Utah newlywed among 4 stabbed near Vegas Strip

97

LAS VEGAS (AP) — A newlywed was back home in Salt Lake City on Monday and facing more medical tests, her mother said Monday, after being stabbed in the back in what authorities called a random attack on four people on a sidewalk just off the Las Vegas Strip.

Laralynn Stock Caldwell, 20, was honeymooning with her husband, Jackson Caldwell, when she was stabbed in the lower back late Thursday as the couple walked on Harmon Avenue, Diane Stock told The Associated Press.

Laralynn Caldwell told police she thought a man punched her in the lower back, and she didn’t realize she was wounded until she reached back and felt blood.

Her husband told KTNV-TV in Las Vegas that he thought a man slapped his wife’s backside, but he also saw what he thought was a fake knife in the man’s hand.

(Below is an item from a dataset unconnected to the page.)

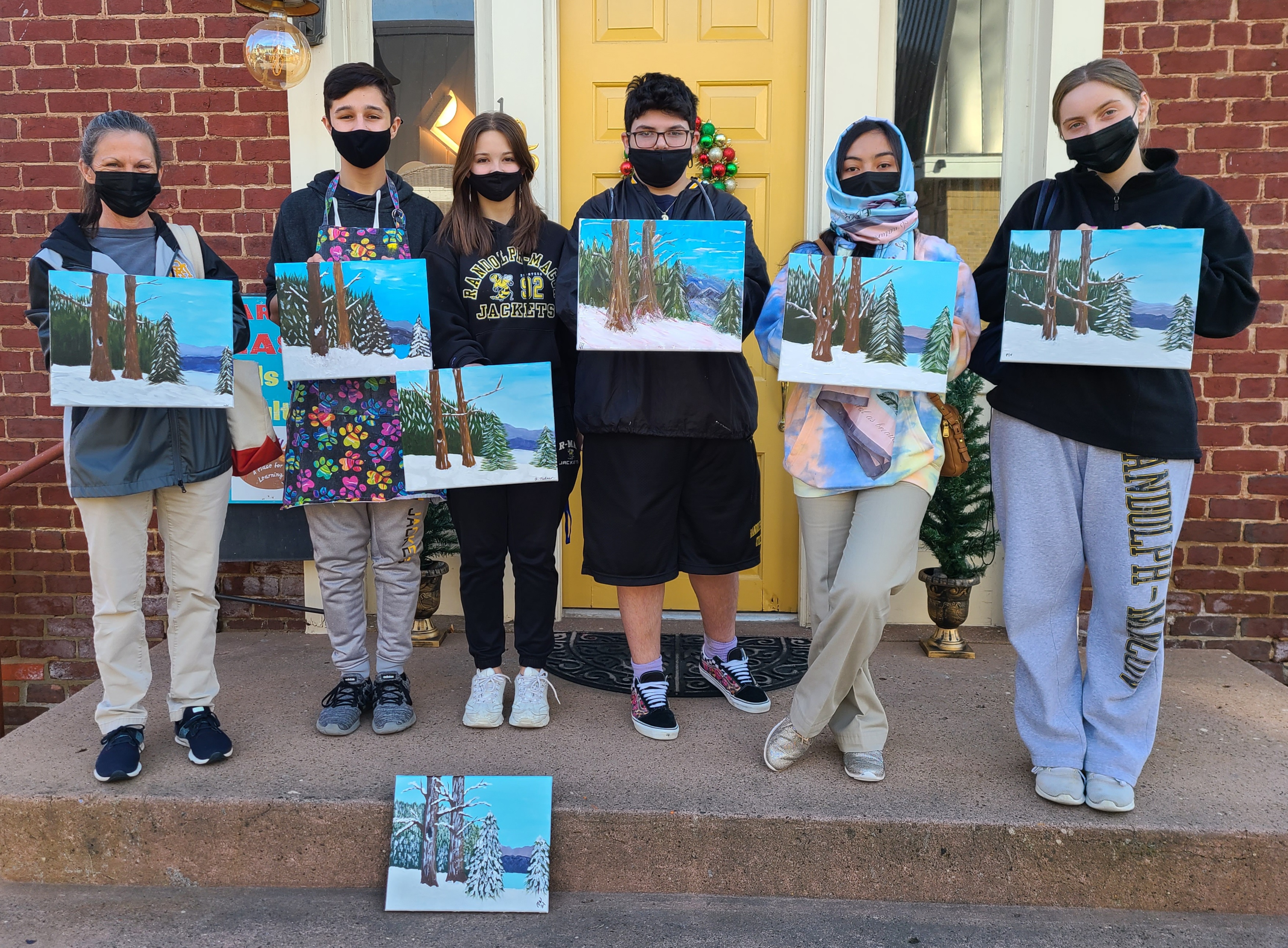 We had an enthusiastic group from RMA today painting a beautiful winter scene. Nice work all around.

The couple returned home to Utah on Friday, where Diane Stock said her daughter was in good spirits but faces ongoing tests to rule out the possibility of blood-borne disease.

“She works at Staples. She’s joking that now she has (surgical) staples in her back,” Diane Stock said. “She’s doing great.”

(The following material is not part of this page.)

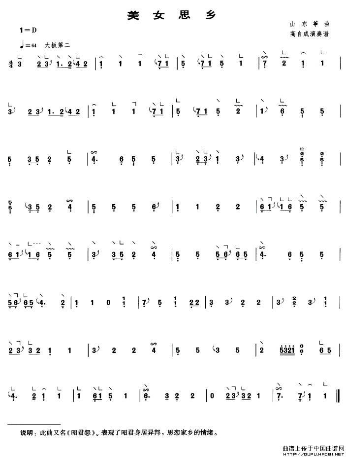 美女思乡相关五线谱

The accused attacker, Lee Anthony Sanford, 53, surrendered to Las Vegas police at a fast-food restaurant minutes after the 11 p.m. Thursday attack. Police say he had a nine-inch kitchen knife and was bleeding from a cut on his hand.

Sanford remained jailed Monday pending a court appearance Tuesday on multiple battery with a deadly weapon charges that could get him decades in prison.

Police said they found no prior connection between Sanford and the people he’s accused of attacking.

Also injured were a 56-year-old woman who underwent surgery Friday for a stomach wound, according to police; a 25-year-old man who reported that he was stabbed in the elbow and lower back; and a 15-year-old boy who was with his parents when he said he felt something hit his shoulder.

Sanford, who is black, told police that he thought white people kept bothering him because people like to mess with the poor, according to a police report.

He said he retrieved the knife at home after walking away from a verbal sidewalk altercation with a man he described as white and a bully.

Police said Sanford also was sometimes incoherent during a police interview following his arrest.